Another Day, Another MRI
I got home and posted to Instagram. A shot of me in a hospital gown, then a cute one in my regular clothes and a little joke about how I'm pretty sure my gown had been on backwards. And that was a pretty good summary of my day. But what you didn't see, which is so often the case on social media, is the tears behind it.
That morning I woke up and took my temperature. Was I ovulating? Was my body even capable of ovulating? It's a routine I'd been in for a couple of months as I tried to determine the answers to these simple questions. And while I didn't think too much about it, this day was about to prove that these little questions were affecting me more than I realised.
After a lovely morning Mum and Pete dropped me at the hospital on their way past. I wasn't worried. MRIs were my wheel house. I walked through the main entrance to a stark reminder that we were in the midst of a pandemic. Two nurses in fresh green scrubs sat at a table. One complimented me on my hair and then asked if I was there to visit someone. They made it very clear that I no longer looked sick. My hair was now long enough to be considered acceptable, although a little frizzy, and I no longer carried the external indicators of somebody having cancer treatment.
Everything was as expected. I got into a gown, had a cannula put into the crease of my left elbow and was led to a waiting room where another woman sat in her matching gown. It was here that my later Instagram post was born. When I realised I had, in all likeliness, put my gown on backwards. Soon my gown twin headed in for her scan and I was left watching shitty daytime television until a nurse came and injected the familiar drug Buscopan into my vein. I felt the cold rush up my arm and into my neck before I settled back in to watch the shitty television, only with drug-induced blurry eyes. Again, nothing out of the ordinary.

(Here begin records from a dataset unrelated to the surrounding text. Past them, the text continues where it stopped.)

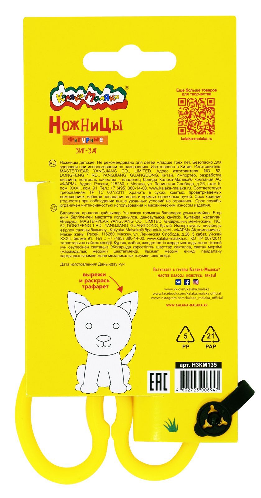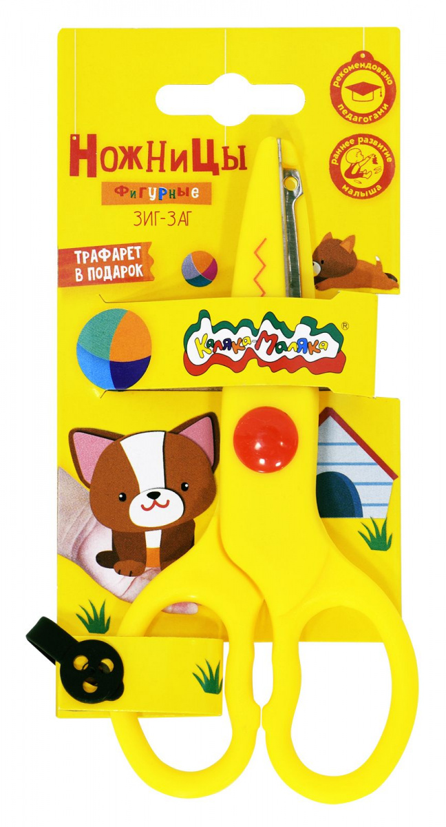 Ножницы детские Каляка-Маляка фигурные ЗИГЗАГ, безопасные 135мм, ручки пластиковые желтые, при использовании оставляют линию ЗИГ-ЗАГ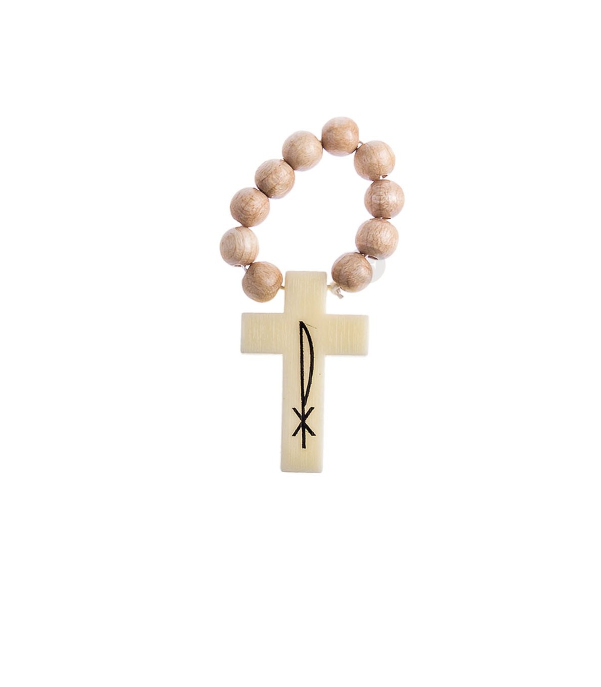 Dezena de Madeira com cordel, simples. Feito à mão. Contas com 7 mm de tamanho.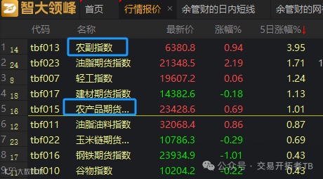 一周又过去了,本周涨的最好的是农副指数,这个指数里只有红枣,苹果,生猪和鸡蛋。下面还有一个叫农产品指数的,里面就把菜籽油,菜籽粕,大豆,白糖,棉花等产品都囊括了。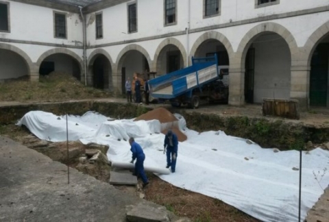 Así, como xa se anunciara, o Concello está traballando na liña relativa aos xacementos arqueolóxicos, xa que despois das catas arqueolóxicas levadas a cabo pola Xunta, quedaron grandes ocos no patio. Ao mesmo tempo amontonouse a terra que se sacou destas catas en diversas zonas do edificio e que producen un dano as estruturas do propio edificio. A seguinte acción será retirar a terra amontonada no claustro do edificio.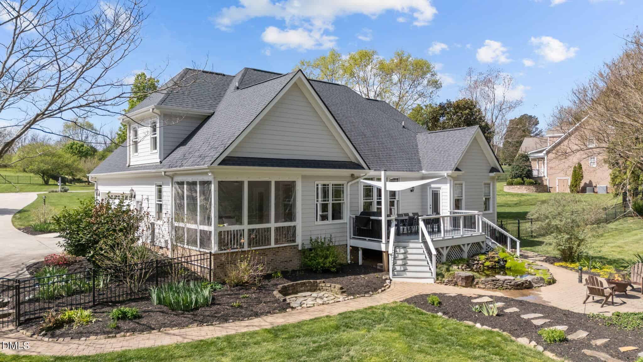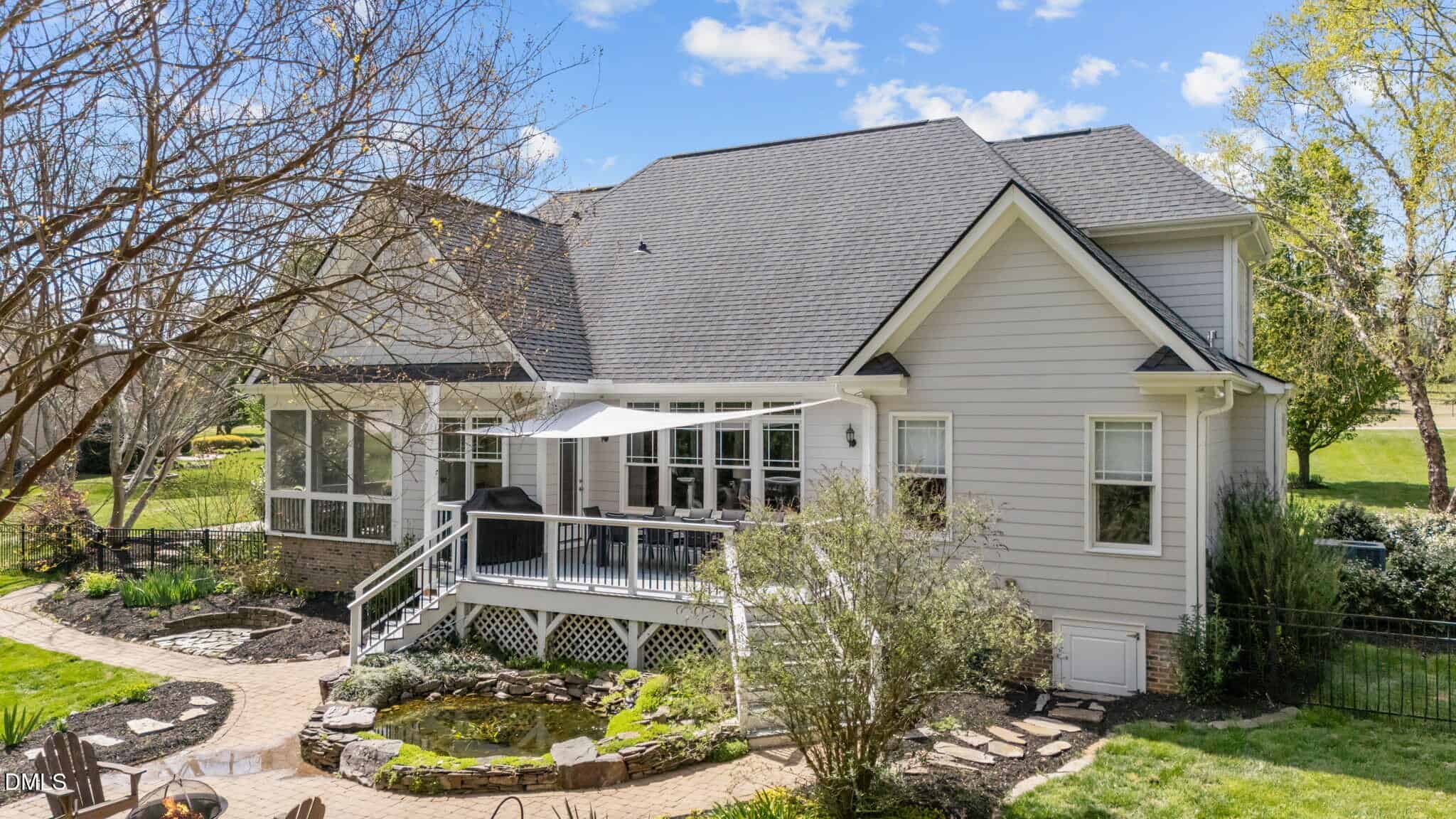 Step outside and fall in love. Enjoy peaceful mornings and relaxing evenings from the screened porch with all-weather panels, or entertain on the expansive deck with custom shade awning. The fenced backyard is truly something special. A private sanctuary featuring a tranquil koi pond, lush landscaping, flowering trees, and a thoughtfully curated fenced garden with asparagus, herbs, berries, and more.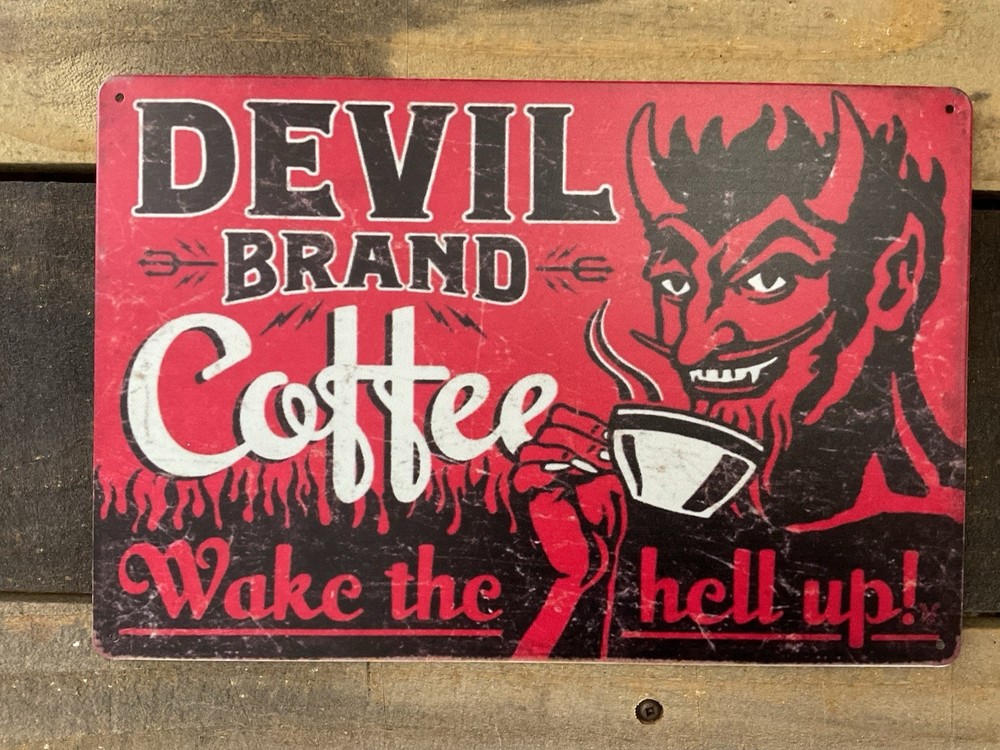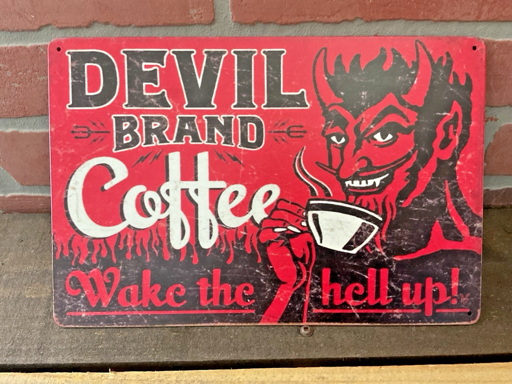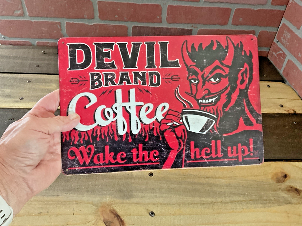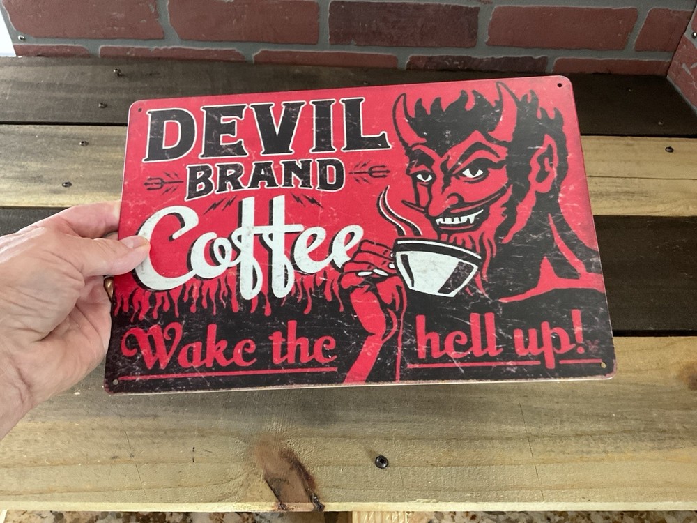 Welcome to Hammering Hanks Garage where everything makes sense... Crafted for the coffee aficionado with a taste for vintage flair, this 8"x12" sign is a playful, yet alarming nod to the classic café aesthetic. Featuring the bold text "Wake the Hell Up" accompanied by a whimsical devil brand logo, it serves as an eye-catching piece that's perfect for any space that celebrates the joy of a well-brewed cup. The sign boasts a retro style, evoking the charm of an earlier era, while remaining an ideal addition to modern-themed rooms. With its durable construction, rolled edges for stability, and 4 predrilled holes for easy mounting, this sign is designed to bring a touch of personality and warmth to your home, office, or kitchen! It's also a unique gift or personal keepsake for anyone with a passion for coffee and vintage decor. We offer free same day shipping. Grab yours today!
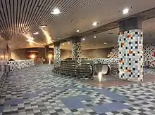 Hollywood/Western station has a single island platform oriented east–west under Hollywood Boulevard, with a mezzanine above. The single station entrance and elevator are located in a plaza on the southeast corner of the intersection.[4] The station was designed by Escudero–Fribourg Architects, while May Sun designed the interior finish and artworks, which reflect the neighborhood's immigrant heritage.[5] The walls and floors are covered by black, gray, and white tiles, with colorful highlights on the walls.[6] Armenian, Chinese, and Mayan symbols are depicted on granite pavers. Some wall panels display historic photographs of the neighborhood; others have depictions of fossils discovered during excavation of the station.[5] Sculptures of two Pacific Electric Red Cars hang over the platform from the mezzanine wall.[7]
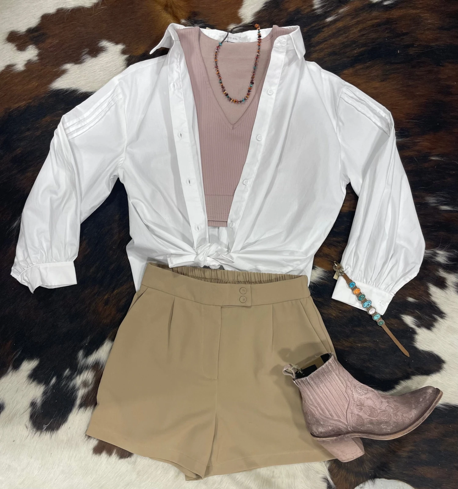 Looking for that perfect pair of shorts that you can dress up or go casual? Well, here ya go! These khaki shorts are so darling! We love the stretchy back elastic waistband (go ahead and eat the cake, you deserve it!) These cuties feature double front buttons, pleats, elastic to back waistband and pockets.
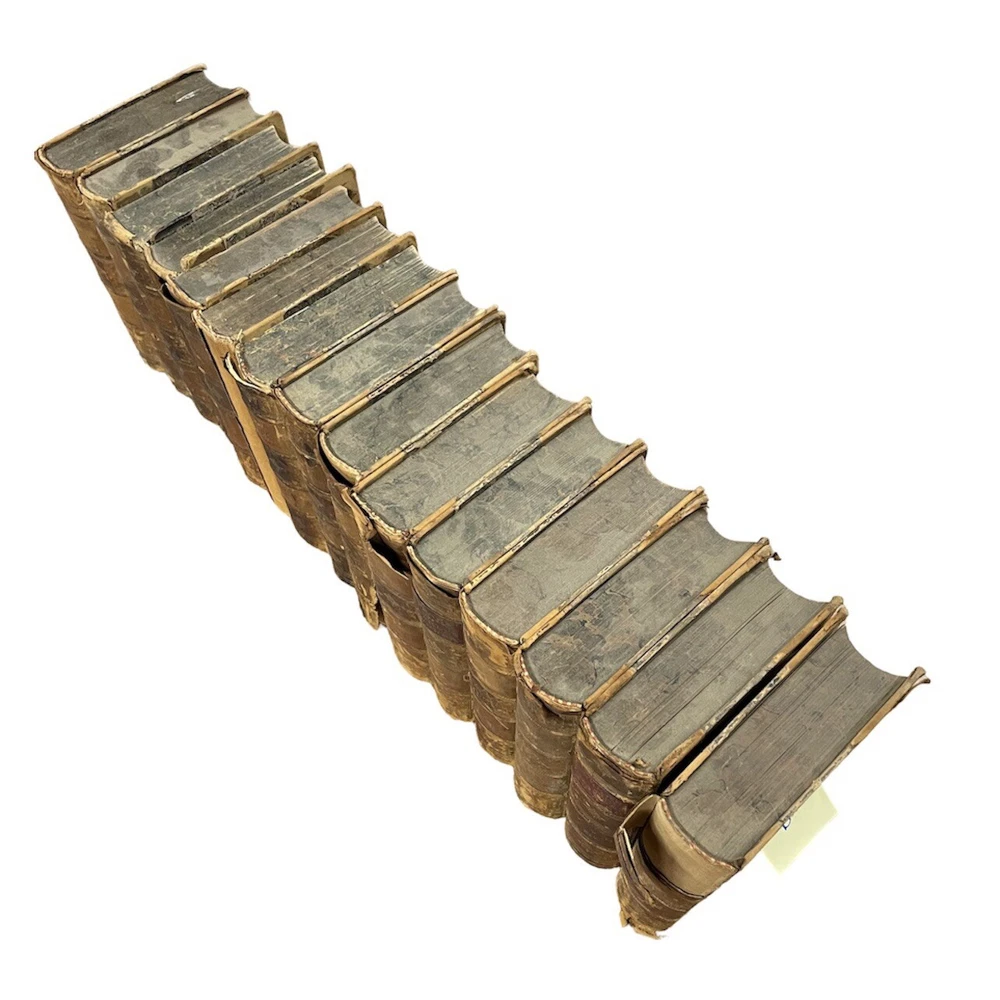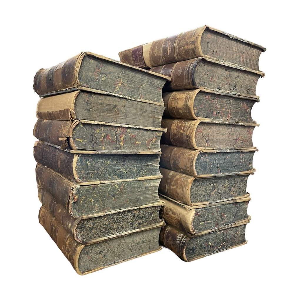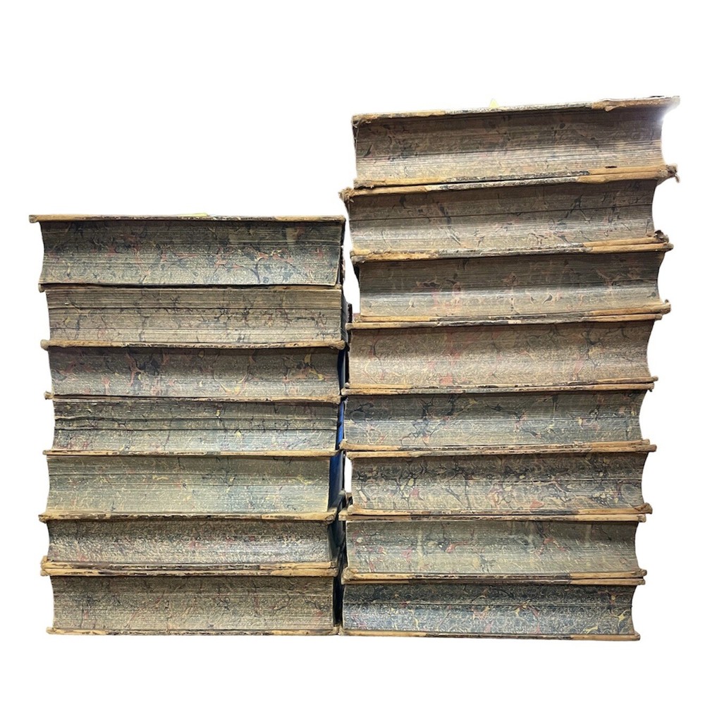 Fifteen volumes. Volume 1 is SIGNED by author Charles Sumner. Antique RARE complete set. 3/4 leather, tan leather (grey-brown), with marbled paper boards, all edges marbled matching, also endpapers; 4 raised bands, morocco title patch, gilt tooling on spine; gophered page edges. Hardcover books are pre-owned and in in decent condition for their age. Pages are intact and clean. Some books have detached or missing covers/back covers. See photos for further conditioning; books pictured on listing are the exact copies you will receive. Books will be individually wrapped and carefully packaged. Book 1 is in great condition. Book 2 is in great condition. Book 3 is missing both a front and back cover. Book 4's front and back covers are detached but included. Book 5 is missing a back cover, and the front cover's binding is weak. Book 6 is missing a back cover. Part of the spine is missing and the front cover is detached but included. Book 7 is missing a back cover. Book 8 is in great condition. Book 9's front cover is detached but included. The spine paper is attached but hanging off. Book 10 is in great overall condition. Some wear on spine. Book 11 is in great overall condition. Book 12 is in great overall condition. Book 13 is in great overall condition. Book 14 is in great overall condition. Book 15 is in intact, but the paper on the spine is hanging off the back cover. (34 pounds) For seller's use only: located on CYCLOPS 70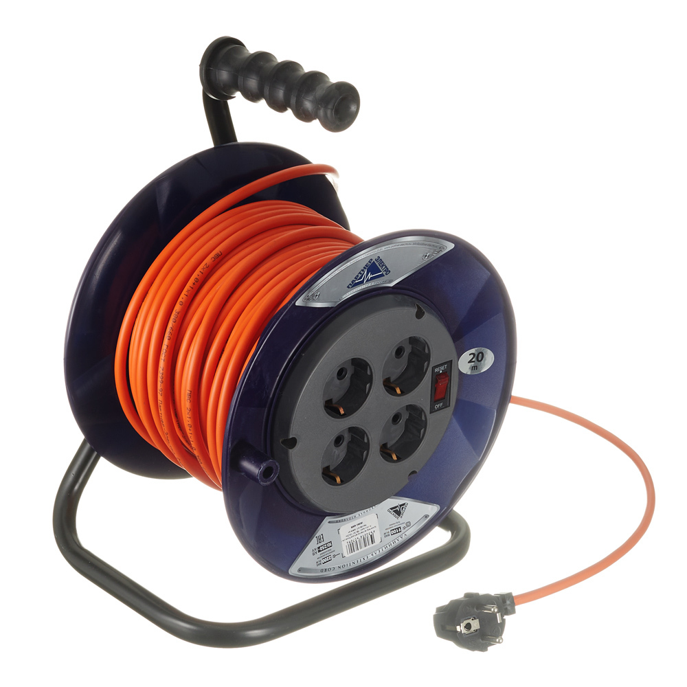 Удлинитель Партнер Электро с заземлением 20 м на катушке 2,2 кВт 4 розетки ПВС 3х1 кв.мм IP20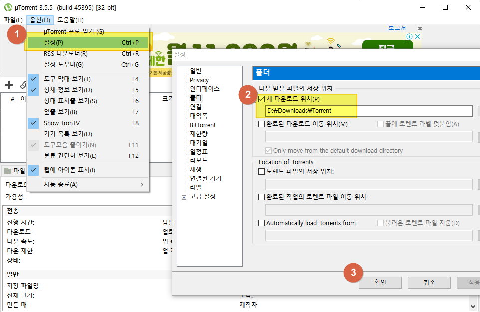 uTorrent 유토렌트 뮤토렌트 설치 및 설정

Soon I climbed onto the sliding table of the MRI machine. One quick, passing question would turn the routine scan on its head. "So you have no metal in your body and there's no chance you're pregnant?" "No." I responded. I lay on the table and my mind raced. "What do you mean by no chance?" The words came out of my mouth before I could calculate the repercussions and I was asked to get out of the MRI machine.
Before long I stood barefoot on the lino floor, my backwards gown suddenly feeling like it swamped me. My words came out in a cluster rather than a string of sense as I tried to explain in a matter of moments how my cancer treatment had left me unsure what my body was capable of. I watched my fragmented sentences hit the nurse's ears as she walked me to a chair.
They drew some blood to send away and test for pregnancy and, as I looked away, I fought back tears that unexpectedly filled my eyes. I was annoyed that I'd inconvenienced these health-care workers. I was scared that they'd find I was pregnant and that I wouldn't be able to have the MRI that gives me peace of mind every four months. Mostly I was terrified that a negative pregnancy result would throw me into a spiral of believing that a baby wasn't possible.
I was led back into the waiting room where I dabbed tears from my eyes. I had messages from Chris and Brett. My eyes were so blurry I could hardly read them but when I finally squinted hard enough to get my phone in focus I couldn't help but smile.
A nurse poked her head out and I looked at the clock to see that it'd been two hours since I arrived at the hospital. "It's fine. We can do the MRI. The results are negative." Then she was gone.
I was relieved, sad and scared all at once. Regardless, I had my MRI and it was as mundane as these kinds of things can be. I mean, of course I still panic every time I see the attendant's face as I'm pulled out of the machine because I'm sure they've spotted something on the imaging screen and they're trying not to let it show in their expression. But, I do it, I take a picture in the change room, apologise to everyone for being an inconvenience and then it's done.